• Records to process
————

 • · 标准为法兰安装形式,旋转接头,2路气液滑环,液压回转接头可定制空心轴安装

————

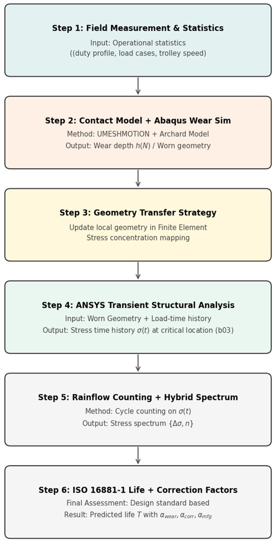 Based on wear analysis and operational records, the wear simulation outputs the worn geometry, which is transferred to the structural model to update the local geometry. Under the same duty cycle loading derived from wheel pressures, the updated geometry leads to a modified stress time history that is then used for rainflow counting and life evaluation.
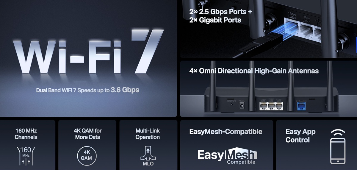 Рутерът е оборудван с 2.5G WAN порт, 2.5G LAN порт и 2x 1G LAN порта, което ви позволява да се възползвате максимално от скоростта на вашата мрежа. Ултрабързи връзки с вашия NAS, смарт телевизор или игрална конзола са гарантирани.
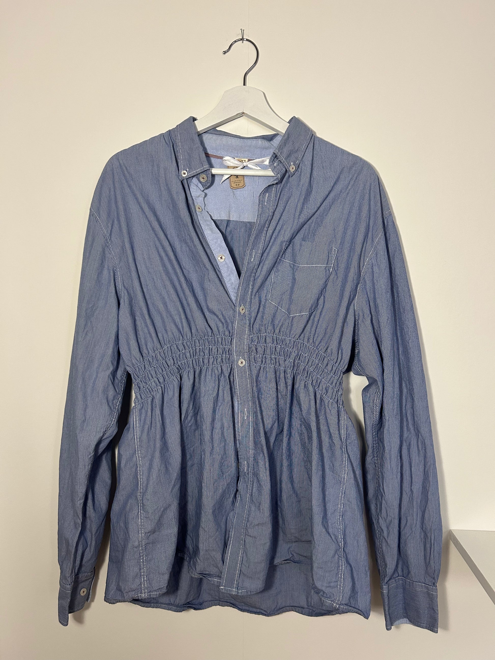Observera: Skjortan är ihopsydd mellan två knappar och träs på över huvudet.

————

• What the task requires
The response must repeat exactly the lines above from the one with "Рутерът е оборудван" through the one with "Observera: Skjortan är", including both, and must contain no pictures and no other text.

• Output below
 Рутерът е оборудван с 2.5G WAN порт, 2.5G LAN порт и 2x 1G LAN порта, което ви позволява да се възползвате максимално от скоростта на вашата мрежа. Ултрабързи връзки с вашия NAS, смарт телевизор или игрална конзола са гарантирани.
Observera: Skjortan är ihopsydd mellan två knappar och träs på över huvudet.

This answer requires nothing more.